> [Directions]:
Using the listing below, set down each line from the line containing "Na zabaven način" through the line containing "할머니는 손자에게 이야기를 하고 팽나무는 듣고 있었다", both ends included, exactly and with nothing added.
═══ Exercise input ═══
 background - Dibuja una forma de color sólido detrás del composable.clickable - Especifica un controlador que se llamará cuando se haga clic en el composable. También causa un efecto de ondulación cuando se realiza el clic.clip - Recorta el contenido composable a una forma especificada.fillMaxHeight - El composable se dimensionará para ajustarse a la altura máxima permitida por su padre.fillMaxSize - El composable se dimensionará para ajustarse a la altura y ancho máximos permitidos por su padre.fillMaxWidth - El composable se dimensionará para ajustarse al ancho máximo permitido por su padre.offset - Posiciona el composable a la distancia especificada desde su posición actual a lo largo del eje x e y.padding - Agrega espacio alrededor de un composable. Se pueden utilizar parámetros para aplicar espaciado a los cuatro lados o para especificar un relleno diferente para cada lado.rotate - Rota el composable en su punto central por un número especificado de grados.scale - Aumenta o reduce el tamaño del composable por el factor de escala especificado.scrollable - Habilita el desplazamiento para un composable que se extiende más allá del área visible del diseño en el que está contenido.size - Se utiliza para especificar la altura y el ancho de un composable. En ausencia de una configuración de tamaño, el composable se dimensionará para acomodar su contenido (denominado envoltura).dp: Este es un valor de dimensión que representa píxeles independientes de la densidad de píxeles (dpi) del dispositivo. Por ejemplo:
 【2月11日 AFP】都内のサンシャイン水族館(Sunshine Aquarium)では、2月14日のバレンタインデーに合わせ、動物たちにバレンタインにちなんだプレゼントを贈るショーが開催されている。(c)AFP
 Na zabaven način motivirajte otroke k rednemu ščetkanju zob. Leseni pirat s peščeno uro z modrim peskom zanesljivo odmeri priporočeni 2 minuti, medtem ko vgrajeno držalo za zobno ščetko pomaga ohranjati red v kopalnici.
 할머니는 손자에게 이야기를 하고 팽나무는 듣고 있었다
═══
═══ Exercise input ═══
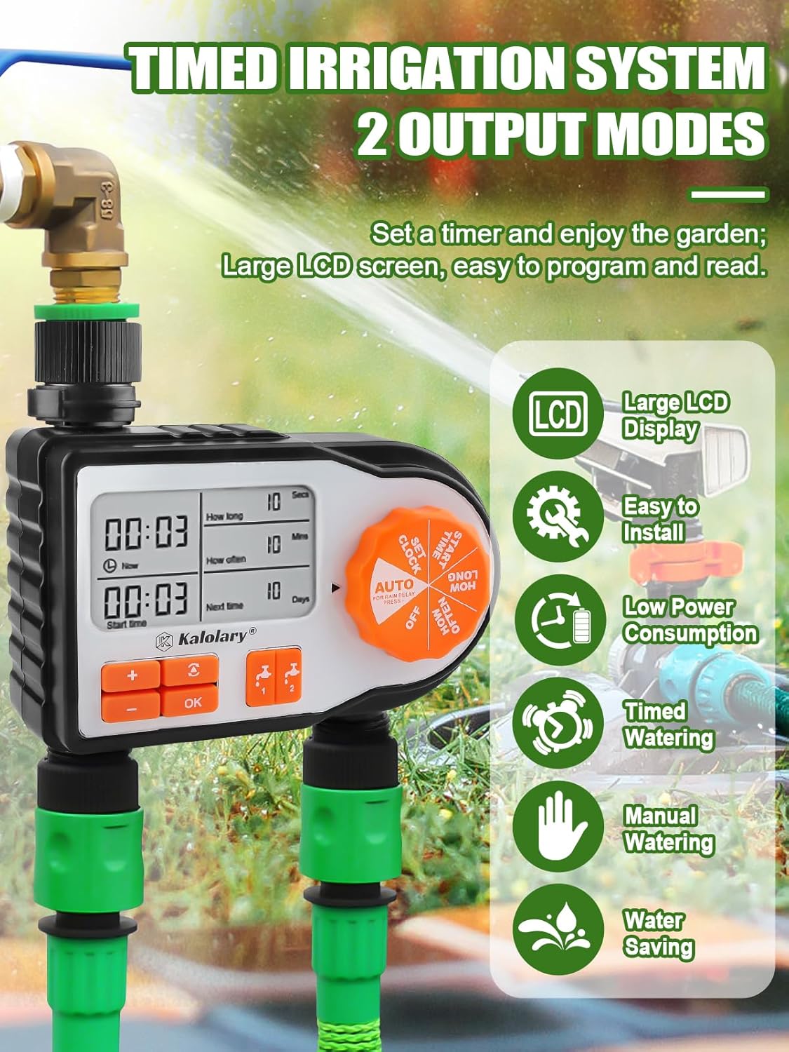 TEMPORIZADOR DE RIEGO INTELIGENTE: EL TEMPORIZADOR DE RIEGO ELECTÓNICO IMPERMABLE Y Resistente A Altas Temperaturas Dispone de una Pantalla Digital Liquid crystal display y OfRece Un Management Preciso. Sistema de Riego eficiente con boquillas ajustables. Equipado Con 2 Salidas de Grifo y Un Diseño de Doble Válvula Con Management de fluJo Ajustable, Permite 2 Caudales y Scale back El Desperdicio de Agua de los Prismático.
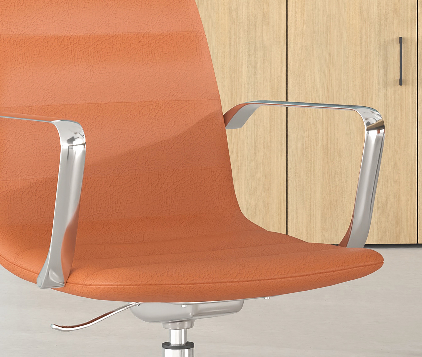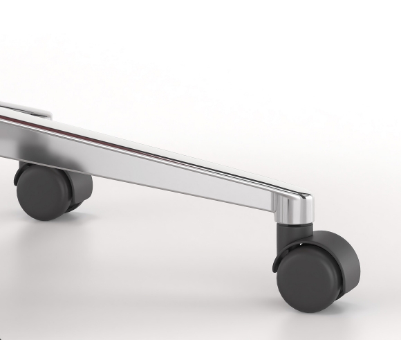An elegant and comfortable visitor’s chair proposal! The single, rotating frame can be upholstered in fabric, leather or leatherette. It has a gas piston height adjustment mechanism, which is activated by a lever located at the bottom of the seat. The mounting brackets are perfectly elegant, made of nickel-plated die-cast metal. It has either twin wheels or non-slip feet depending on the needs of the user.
═══
> [Answer below]:
 Na zabaven način motivirajte otroke k rednemu ščetkanju zob. Leseni pirat s peščeno uro z modrim peskom zanesljivo odmeri priporočeni 2 minuti, medtem ko vgrajeno držalo za zobno ščetko pomaga ohranjati red v kopalnici.
 할머니는 손자에게 이야기를 하고 팽나무는 듣고 있었다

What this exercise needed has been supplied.